# Was the Balrog of Moria the last?



## Smèagol_Gollum (Feb 10, 2002)

Could there be more Balrogs wandering somewhere, or was the Balrog of Moria the last? I know that Smaug the Golden was not the last, because there are more lesser Drakes and Wyverns in the Withered Heath, but there is no mention that I can recall of the fate of the rest of the Balrogs.


----------



## Lord Aragorn (Feb 10, 2002)

As I remember, when the Vala came to ME and cast down Morgoth, it said some of his Balrogs and such escaped into hiding. I am pretty sure that it implied that a fair number escaped the destruction of Angband, but are unaccounted for.


----------



## Bucky (Feb 11, 2002)

The Silmarillion:

'The Balrogs were destroyed, save some few that fled & hid themselves in caverns inaccessible at the roots of the earth.'

Question:
If the caverns were inaccessible, how did the Balrogs get in them in the first place?


----------



## Beleg Strongbow (Feb 11, 2002)

> _Originally posted by Bucky _
> *The Silmarillion:
> 
> 'The Balrogs were destroyed, save some few that fled & hid themselves in caverns inaccessible at the roots of the earth.'
> ...





As i was about 2 quote but Bucky beat me to it. There would have been sure to be more balrogs maybe 1 or 2. They couldn't have or been killed.

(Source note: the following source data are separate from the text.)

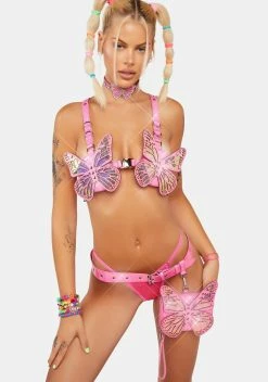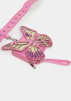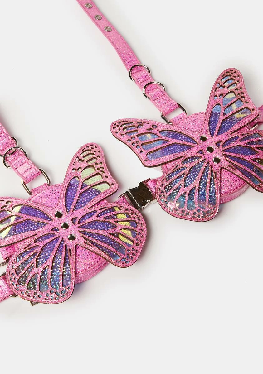 cuz you’re a pretty little electro fairy! This butterfly harness bra top and belted wallet set has a vegan leather construction with glitter all over, zippered storage pockets, adjustable buckle strap closures, and a detachable wristlet design with inner card slots.
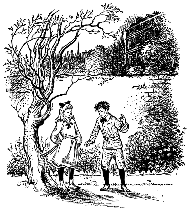 Жила она в одном из домов, стоявших тесным рядом. Как-то утром она вышла в крошечный садик позади дома, и мальчик из соседнего садика подошёл к самой изгороди. Полли удивилась: до сих пор в том доме детей не было, там жили мисс и мистер Кеттерли, старая дева и старый холостяк. И вот Полли удивлённо посмотрела на мальчика. Лицо у него было грязное, словно он копался в земле, потом плакал, потом утёрся рукой. Примерно это, надо сказать, он и делал.
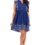 The Oakes Embroidered Dress is a charming addition to any wardrobe, crafted from soft and breathable 100% cotton cambric. This dress showcases exquisite embroidery detailing on the flutter sleeves and hem, adding a touch of elegance and sophistication. The V-neck design is complemented by a pearlized button chest placket, offering a classic yet modern look. With a length of approximately 25 1/2" from shoulder to hem, it provides a flattering fit for various body types. Available in sizes S, M, and L, this dress is perfect for both casual outings and special occasions, ensuring comfort and style throughout the day.
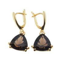 Kolczyki - Kwarc dymny trójkąt (szlif diamentowy) w srebrze złoconym
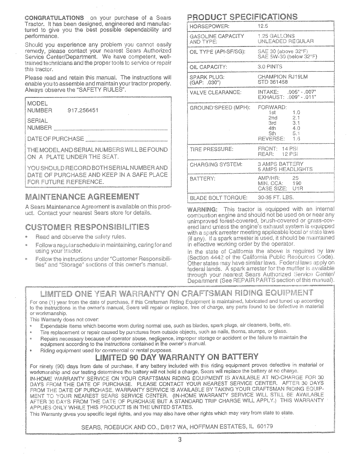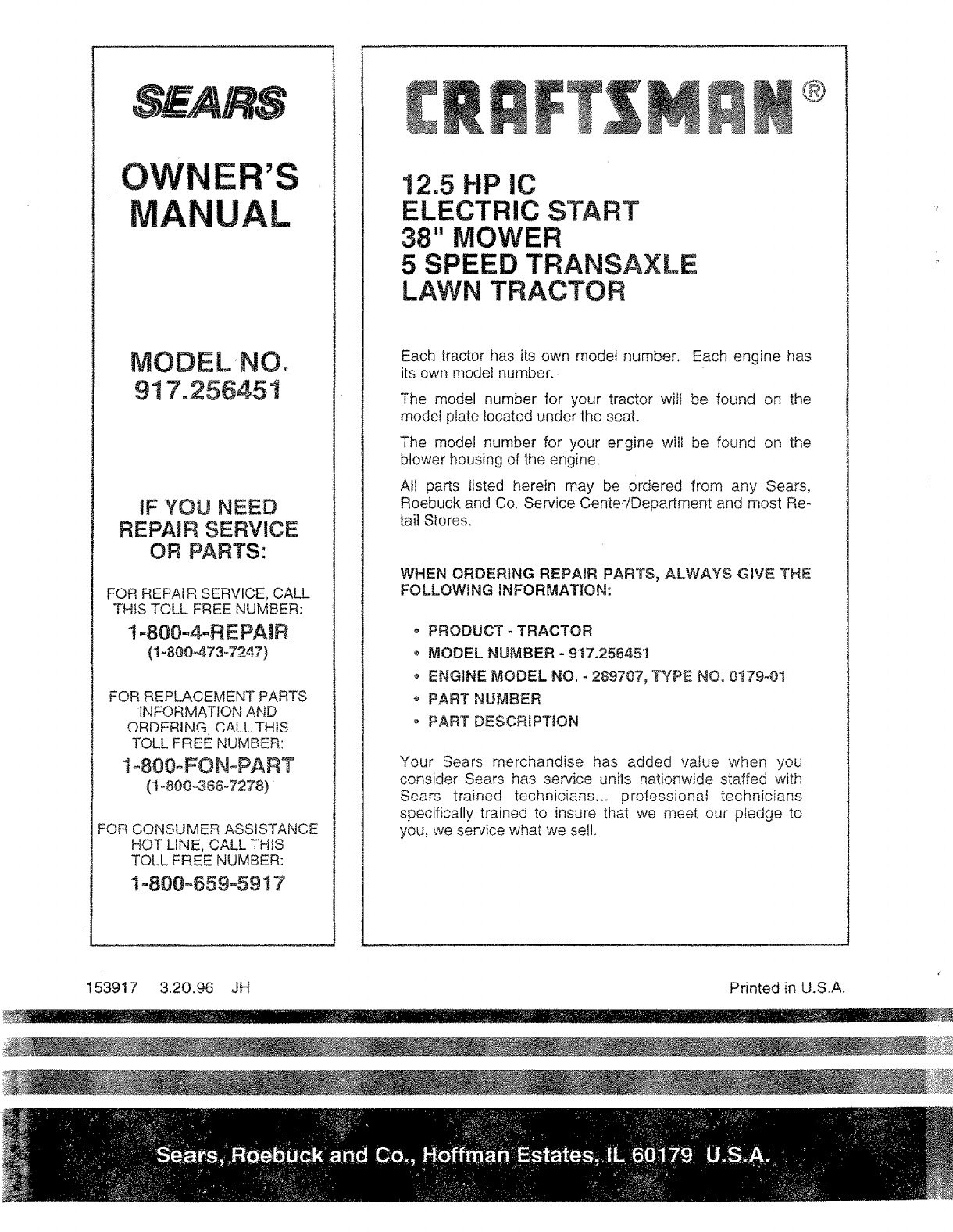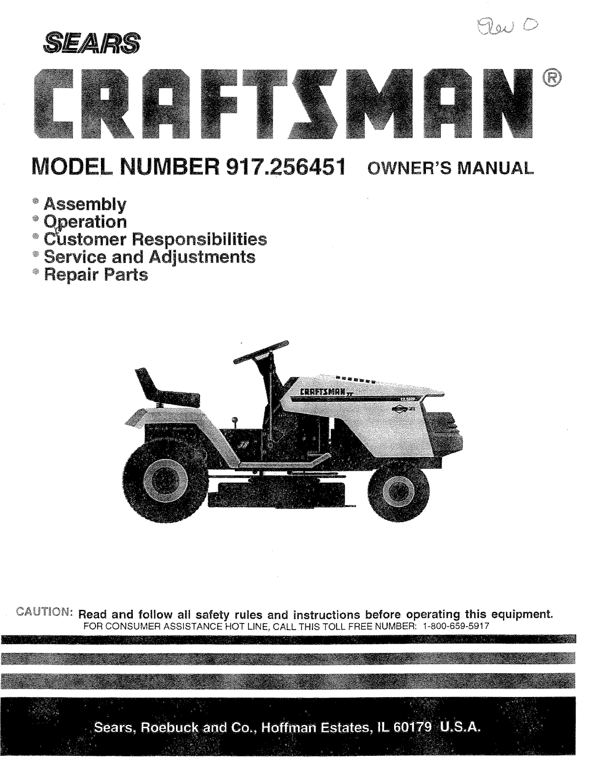 User Manual: Craftsman 917256451 917256451 CRAFTSMAN Lawn, Tractor - Manuals and Guides View the owners manual for your CRAFTSMAN Lawn, Tractor #917256451. Home:Lawn & Garden Parts:Craftsman Parts:Craftsman Lawn, Tractor Manual
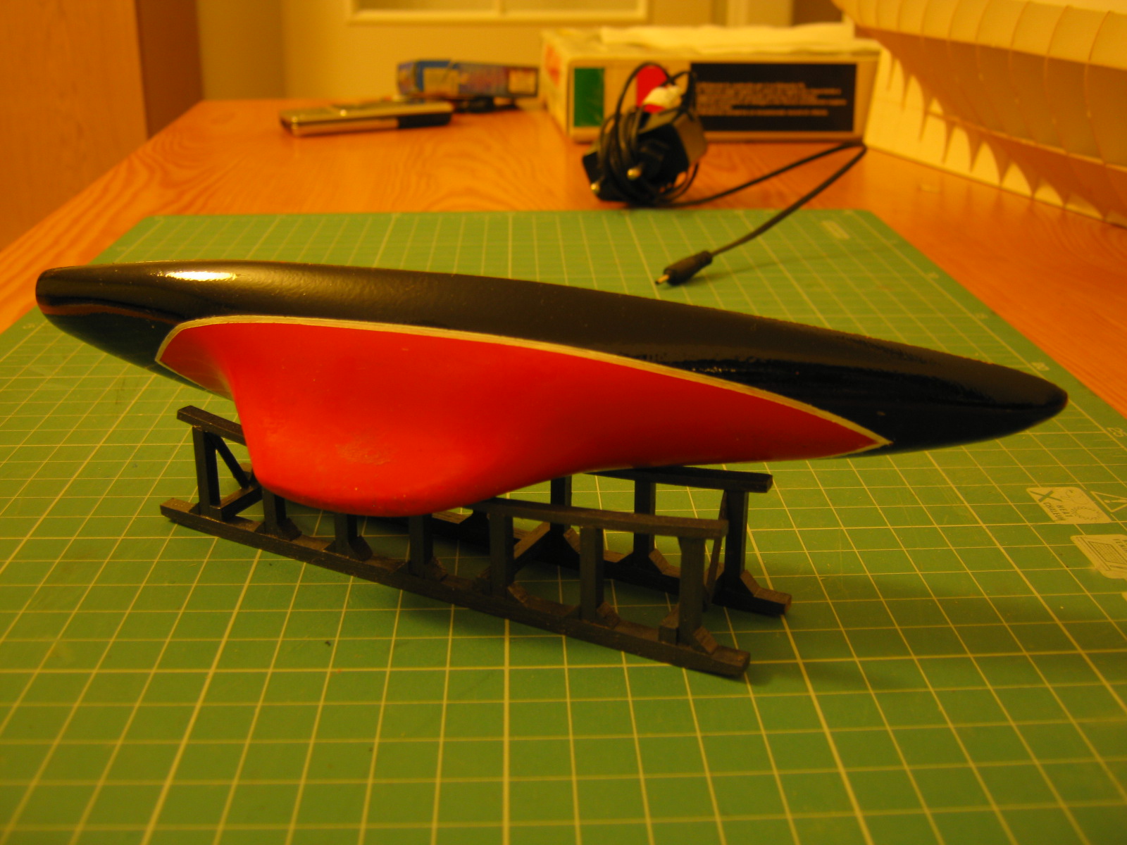 Za poradą jednego z kolegów pomalowałem kadłub na zapodkładowane tylko drewno. Wyszło jak jakiś wytwór niepełnosprawnego czterolatka na kółku plastycznym w MOPSie.
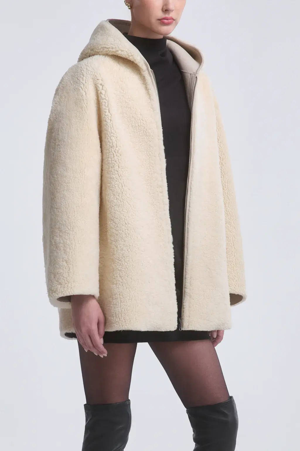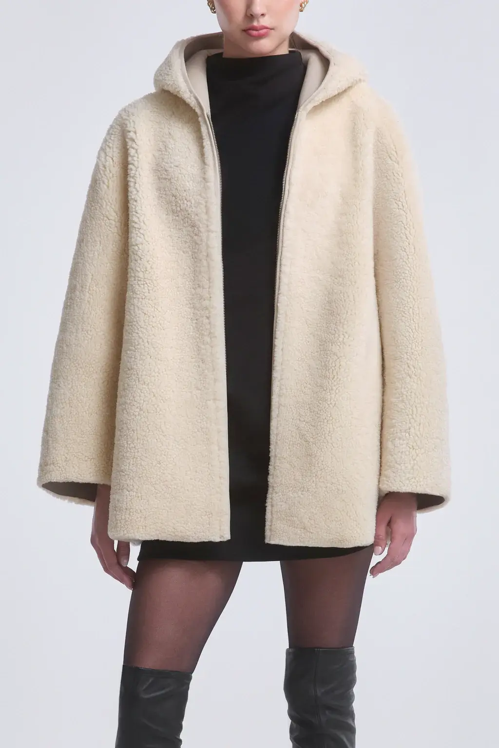 An oversized hooded coat in plush, textured shearling. Relaxed silhouette with dropped shoulders, wide sleeves, and zip closure. Soft proportions built for layering.
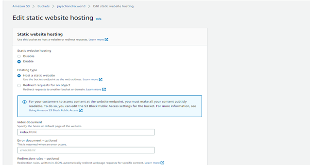 Step 4: Open the bucket you just created from the console and click on properties -> Scroll down completely -> Click on edit “Static Website Hosting” -> Select as below and click on save changes.
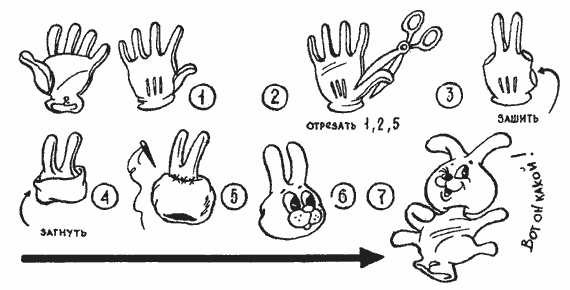 Одну перчатку оставьте нетронутой – чуть позже вы наденете ее на руку. Из второй же смастерите головку Зайчишки. Отрежьте у перчатки пальчики 1, 2 и 5 и зашейте прорези. Загните края перчатки до основания пальцев, вытянув 3 и 4 пальцы кверху. Это будут уши. Сшейте перчатку как показано на рисунке. Получилась головка. Пришейте к ней глазки-пуговки, носик, ротик (их можно вышить). Теперь пришейте головку к среднему пальцу первой перчатки (см. рис.). Получится очень выразительная перчаточная кукла, которая может шевелить головой, дрыгать четырьмя лапами (соответственно четыре пальца), чесать у себя за ухом и проделывать множество других забавных движений. Ребенку почти наверняка захочется надеть ее на руку и поиграть.
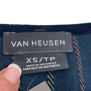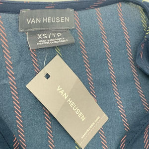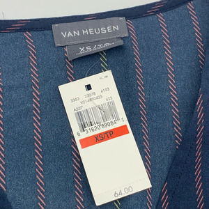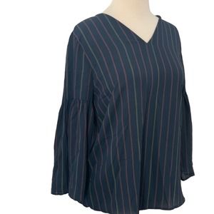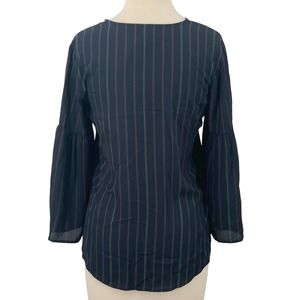 NWT Van Heusen V-Neck Pullover Blouse 3/4 Bell Sleeve Navy Vertical Striped XS
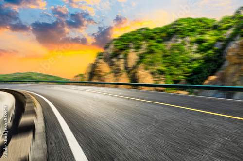 Motion blurred road and mountains at sunrise.mountain road background.
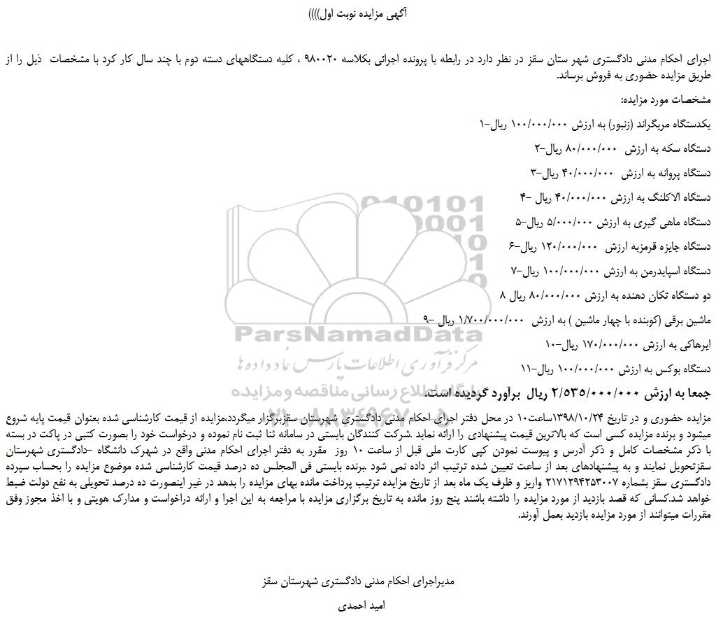 اجرای احکام مدنی دادگستری شهر ستان سقز در نظر دارد در رابطه با پرونده اجرائی بکلاسه 980020 ، کلیه دستگاههای دسته دوم با چند سال کار کرد با مشخصات ذیل را از طریق مزایده حضوری به فروش برساند.
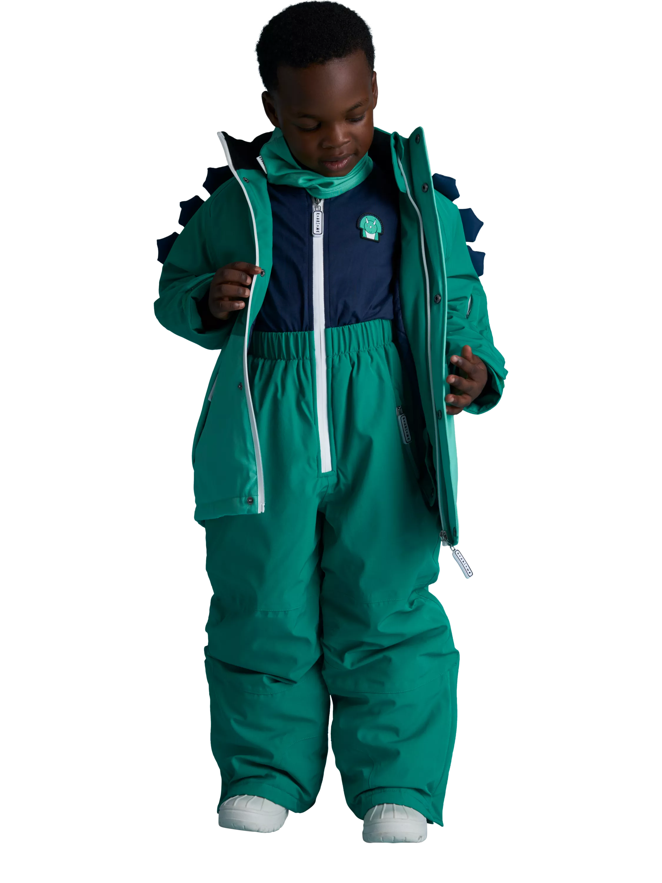 Salopettes - designed for snow - totally waterproof, tested to temperatures of -30°C, with taped seams, aqua seal zips, comfy bamboo zip-up vest and elasticated boot covers.
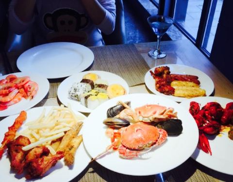 有我喜欢的落地窗这样看起来整个大厅很整洁,不是周末生意都很好目前需排号,建议早去,菜品新鲜就是种类不是非常多,但对得起团购的价位,鸡尾酒还限量每人只能取一杯,饮料正如其他网友说的是勾兑的,整体好评。
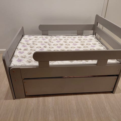Sopii hyvin ensimmäiseksi omaksi sängyksi pinnasängyn jälkeen. Sivupaneelit estävät lasta tippumasta sängystä.
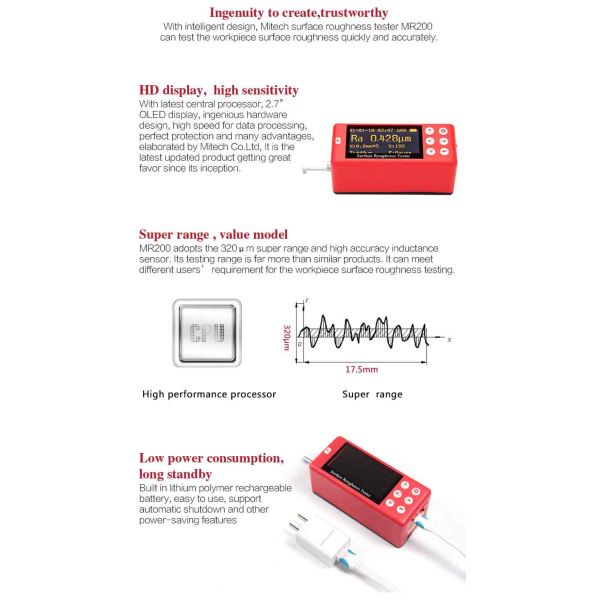The MR200 surface roughness tester is a new upgrade instrument which adopts the newest processor. This instrument adopts 2.7 inch OLED display, combines accurate measurement, exquisite design, fast process rate and complete protection in one host. It is highly favored by users since it was produced, it has large measurement range, superior than other similar products and can meet different needs of users. By connecting with Micro-USB port, Bluetooth, SD card, it can do wireless remote control, measurement, print and communicate with PC and store massive data. It has been widely used in the quality control process of various precision metals, plays an important and necessary role in rising production qualification rate and saving cost.
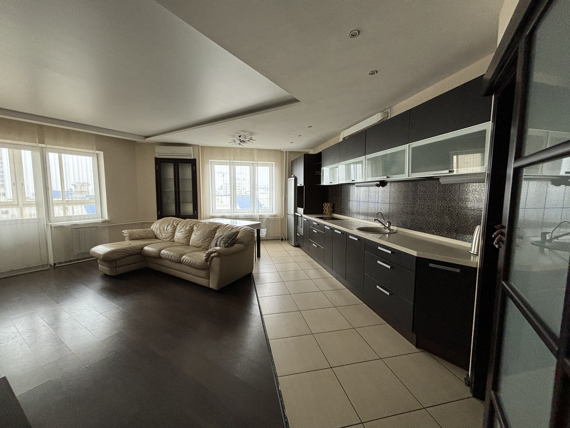 В связи с переездом в другой город продается 3-к. квартира, 86.9 м2. Просторная светлая квартира для большой семьи: две отдельных комнаты спальня и детская + большая кухня-гостиная с геометрией, которая не оставит равнодушным, два санузла, хозблок со стиральной машиной и водонагревателем вынесены в отдельную зону. 3 лоджии с панорамным остеклением, окна на юго-восточную сторону с видом на ТЦ Комсомол и Тюменский тракт, большая входная группа. В квартире сделан качественный стильный ремонт по дизайн-проекту: комбинация ламинат + керамогранит на полу, обои под покраску на стенах, разноуровневые потолки, установлены межкомнатные двери из натурального дерева, имеется ванна-джакузи, 4 встроенные системы хранения.
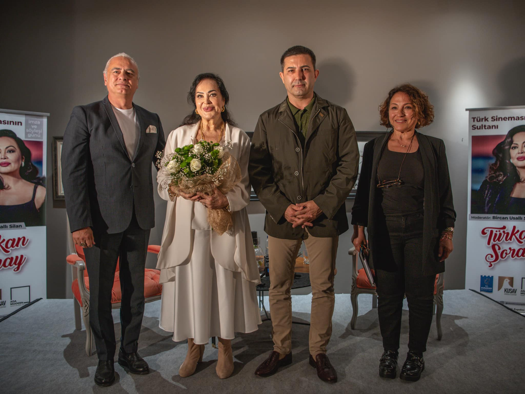 Yeşilçam'ın 'Sultan'ı Türkan Şoray, Kuşadası Belediyesi ile Kuşadası Altın Güvercin Kültür Sanat ve Tanıtım Vakfı (KUSAV) organizasyonuyla Ada Modern Sanat Galerisi’nde gerçekleştirilen söyleşide Kuşadası'nda yaşayanlarla buluştu.

Do you think that maybe the balrog/balrogs could become a new dark lord? Think about it the similarities between a balrog and sauron both maia, both corrupted by Melkor and both have evil wills and there are not many that can withstand them. Probably none since Gandalf has left along with most of the other high elves. But there is probably a few more left. Remember Gandalf said that not all the evil has left the world.


----------



## HLGStrider (Feb 12, 2002)

oooooooooohhhhhhhhh a sequel!!!!!!!!!!!!!!!

Wouldn't be the same without Strider in it though...


----------



## Wraithguard (Aug 4, 2005)

Muhahaha! My resurrection ritual was a success. Ok more to the point considering that the Balrog of Moria was the first to be seen in a long time (if I'm not sadly mistaken) there would definatly be others. Imagine what a Balrog could do to Middle-Earth. I may start a small writing project on this.


----------



## AraCelebEarwen (Aug 5, 2005)

HLGStrider said:


> oooooooooohhhhhhhhh a sequel!!!!!!!!!!!!!!!
> 
> Wouldn't be the same without Strider in it though...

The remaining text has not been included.